#### Task brief
Every line below from the one containing "モバイルオーダーなら 注文の列に並ばなくても大丈夫。 いちご大福パイも、" through the one containing "Young woman raises" is to be printed exactly, with the pictures omitted.

(Records Opens)

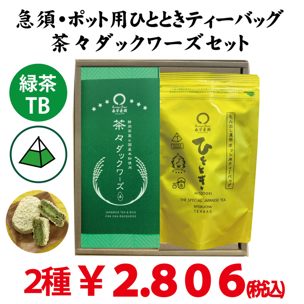 人気NO.1煎茶「ひととき」のテトラ型ティーバッグとお茶たっぷり茶々ダックワーズとの組み合わせセットです! 「ひととき」テトラ型緑茶ティーバッグは、お急須やティーポットを使い、1Pで2人から3人分抽出できます。茶々ダックワーズは米粉にお茶のクリームを挟んだ周りはサクッと中は柔らかいお菓子です。 心から楽しんでいただける贈答セットです。
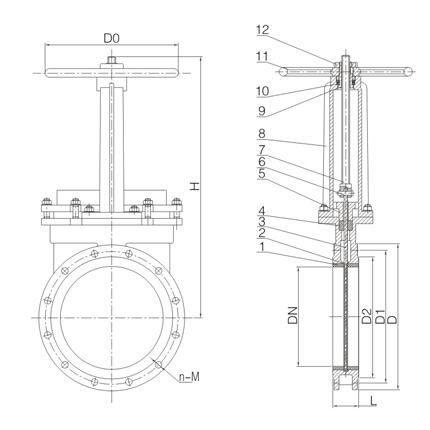 陶瓷刀閘閥外形結(jié)構(gòu)圖:
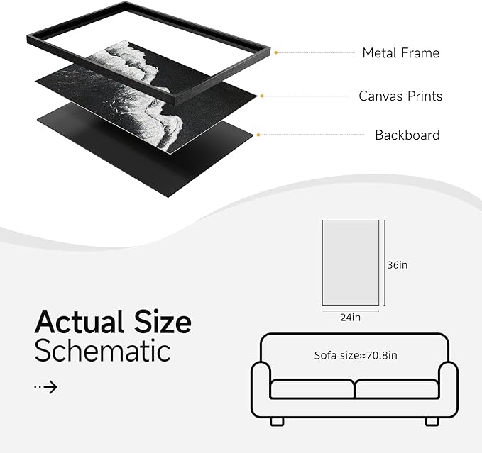 - [Framed Wall Art]: A large framed black and white abstract ocean canvas wall art, size is 24x36 inches, each painting with a sturdy, rust-resistant frame
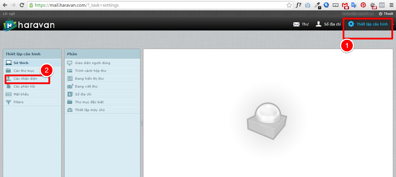 - Sau khi đã đăng nhập, Nhà bán hàng chọn "Thiết lập cấu hình" --> "Các nhận diện"
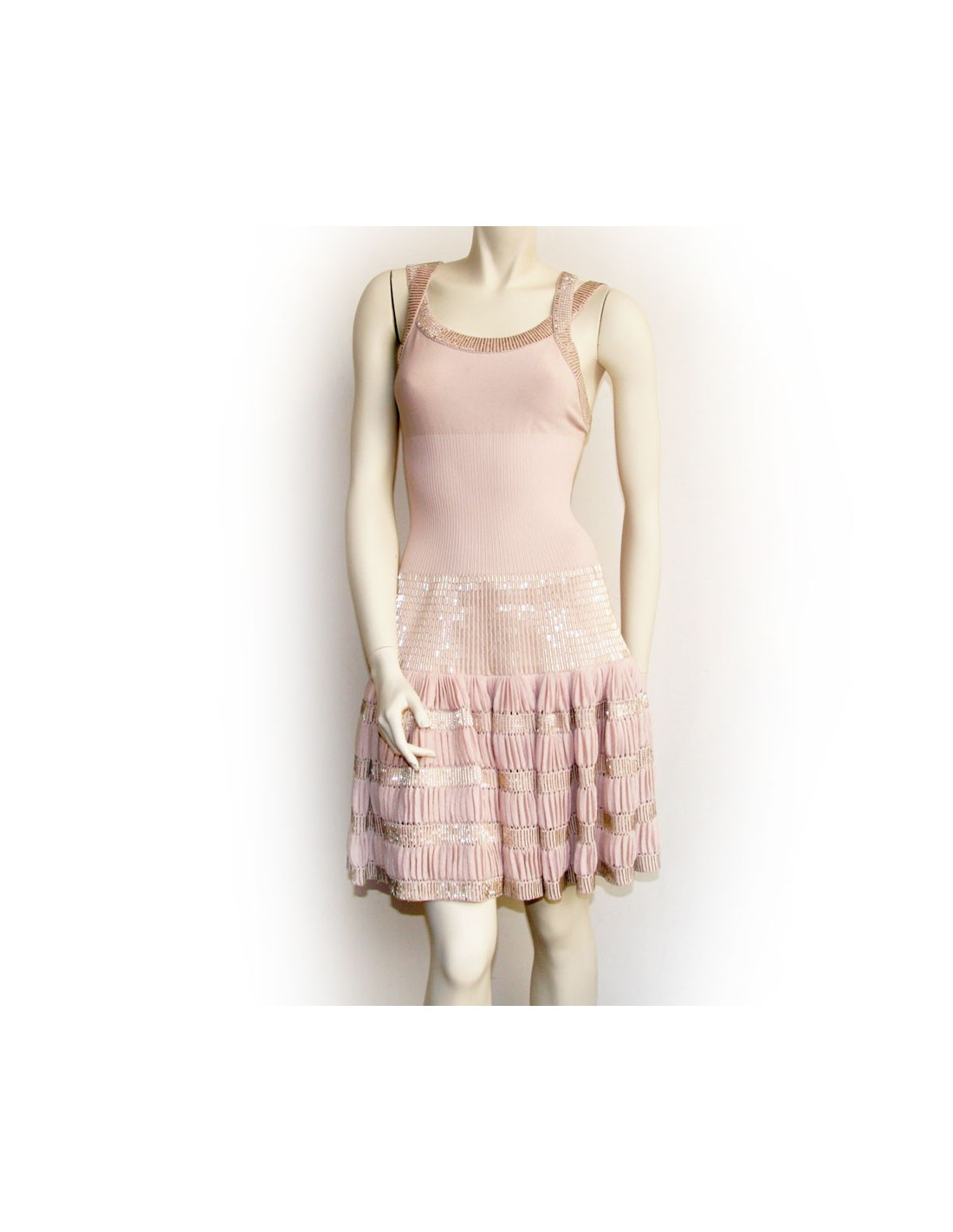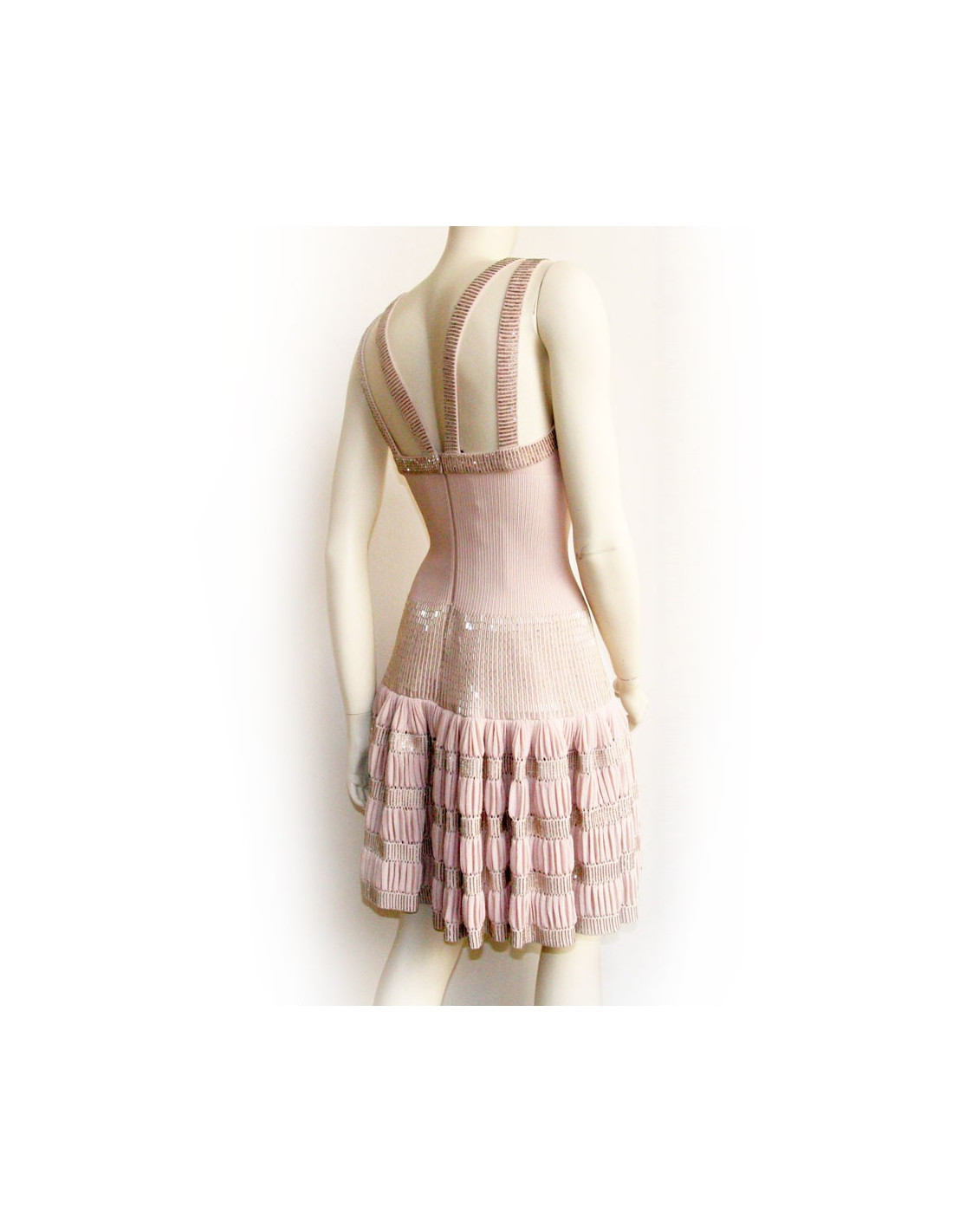 Mythique robe Alaïa rose poudré T40. Epouse la forme du corps jusqu'à la taille et se plisse jusqu'aux genoux avec des bandes brodées de petites baguettes argentées.
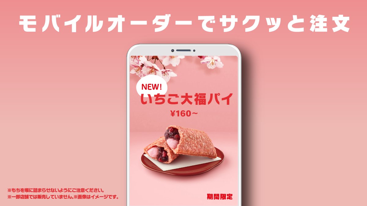 モバイルオーダーなら 注文の列に並ばなくても大丈夫。 いちご大福パイも、 サクッと注文して、 もちっ、ほくっを 楽しめます! #いちご大福パイ #春は遊び心 #マックのモバイルオーダー
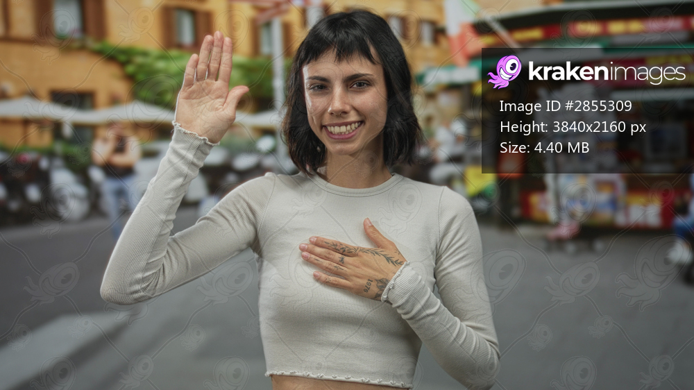 Young woman raises hand and places hand on chest on street lined with shops and scooters; sincerity trust.
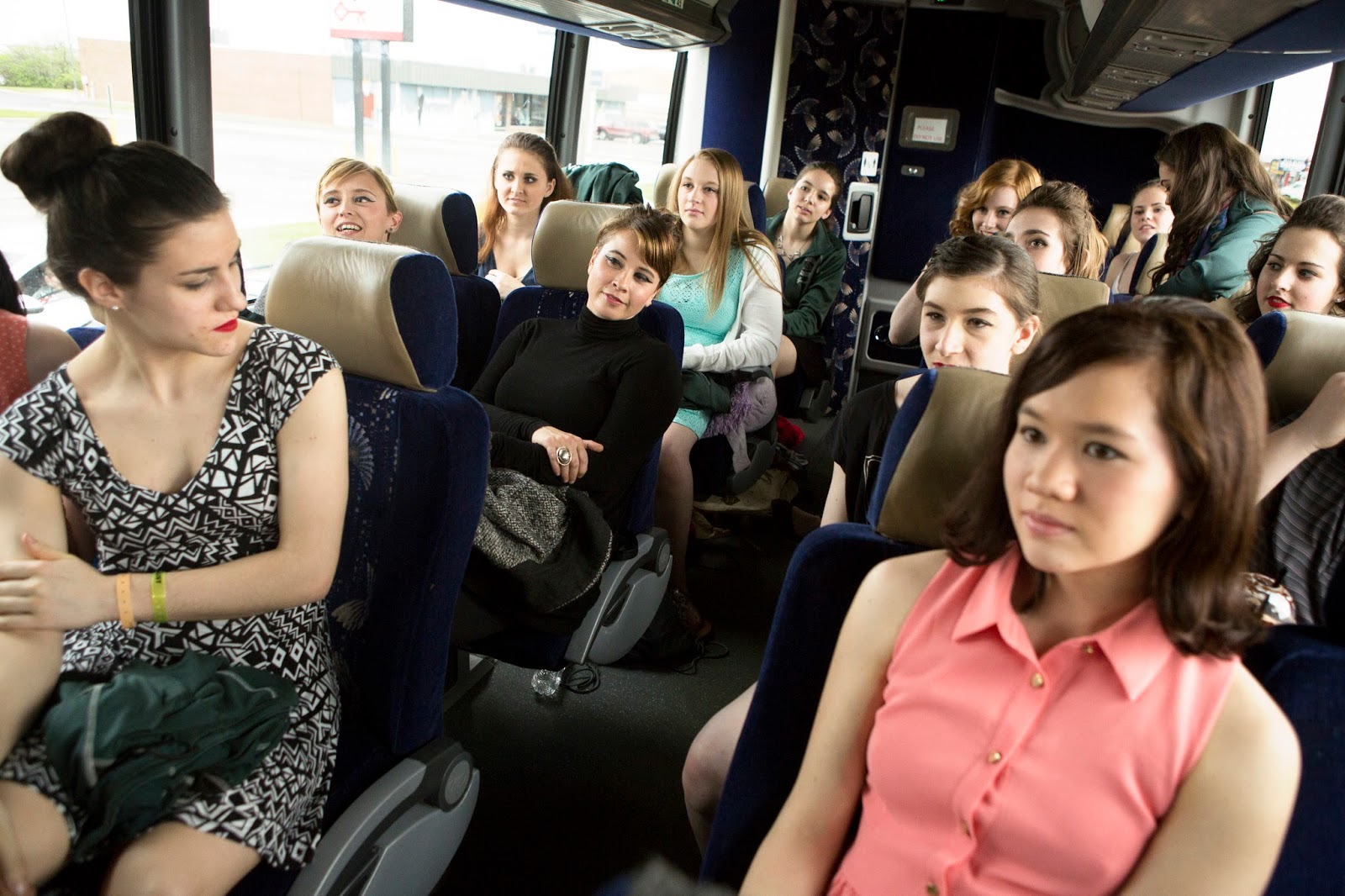 The team—whose competition performance routine is inspired by Hitchcock films, complete with shower curtains!—hears Lucius’ original composition for them for the first time on their tour bus:
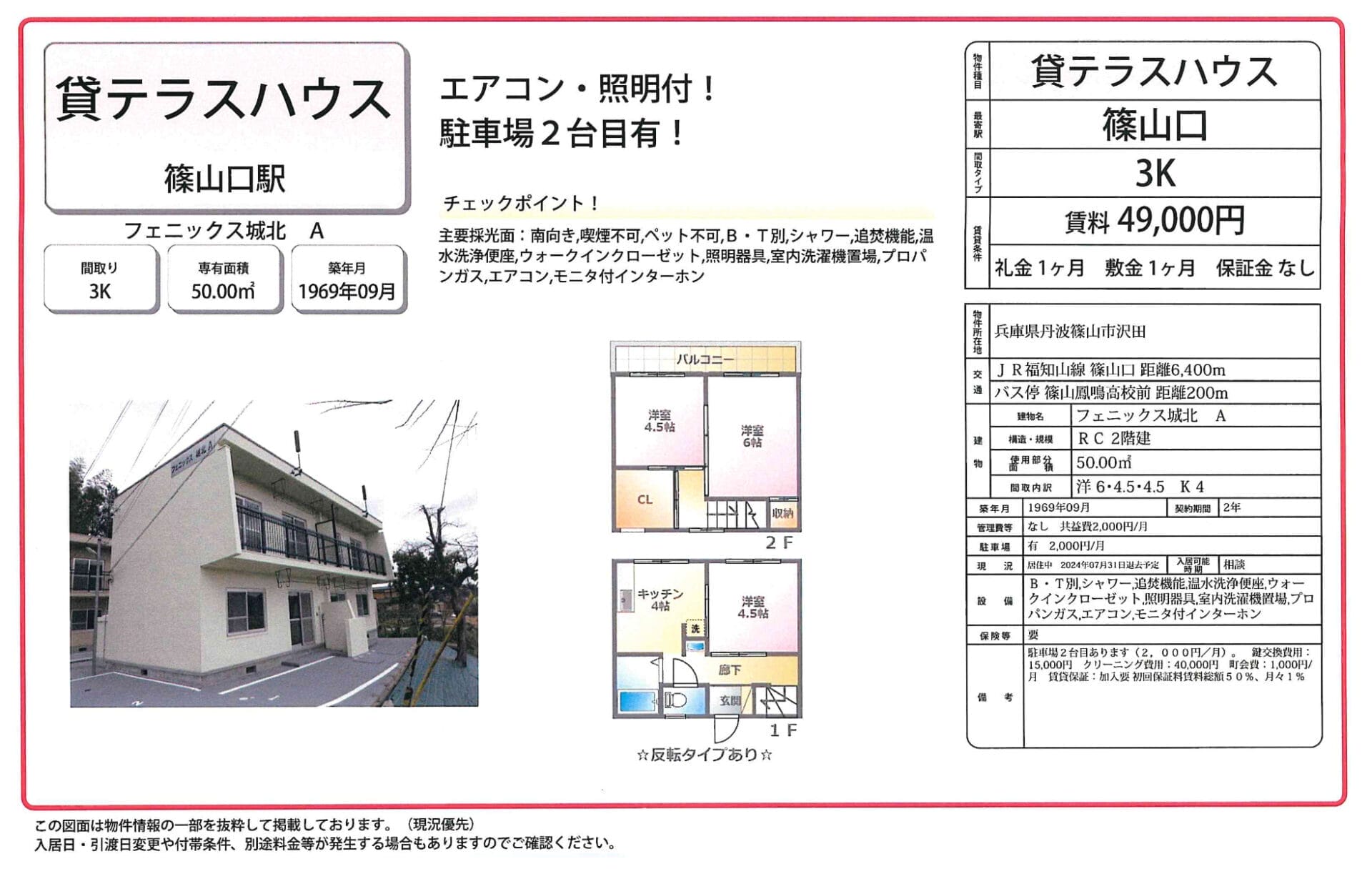| 特記事項 | 駐車場2台目あります(2. 000円/月)。 鍵交換費用: 15,000円 クリーニング費用:40,000円 町会費:1,000円/ 月 賃貸保証:加入要 初回保証料賃料総額50%、月々1% | ||
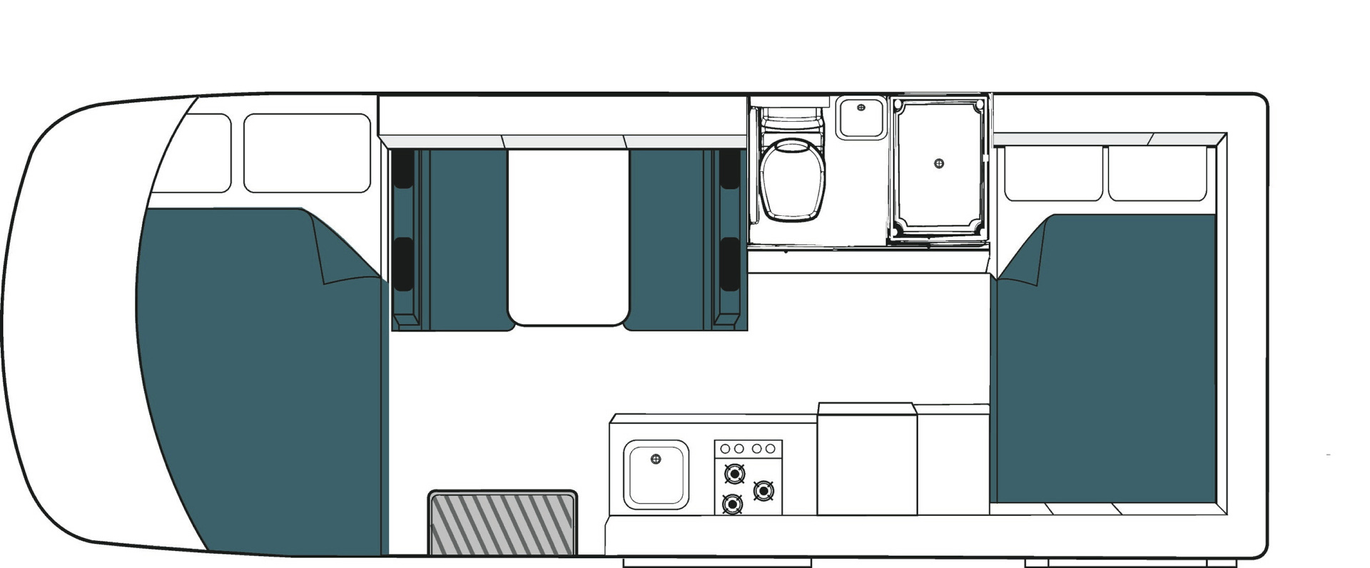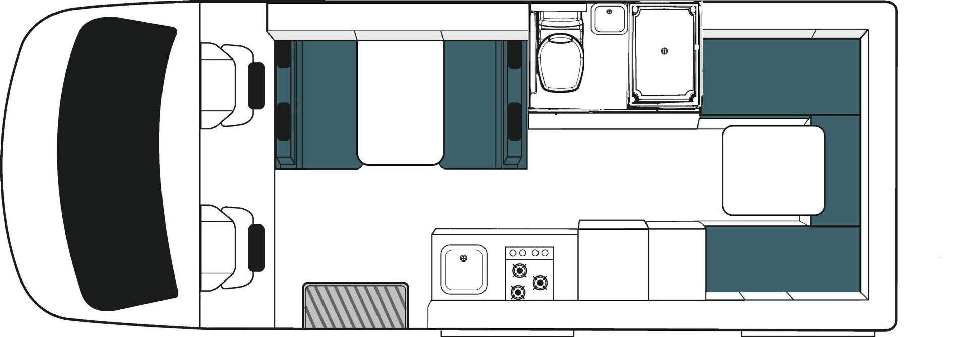 • 4 Sitzplätze im Wohnbereich hinter der Fahrerkabine

(Records Closes)

#### Final answer
 モバイルオーダーなら 注文の列に並ばなくても大丈夫。 いちご大福パイも、 サクッと注文して、 もちっ、ほくっを 楽しめます! #いちご大福パイ #春は遊び心 #マックのモバイルオーダー
 Young woman raises hand and places hand on chest on street lined with shops and scooters; sincerity trust.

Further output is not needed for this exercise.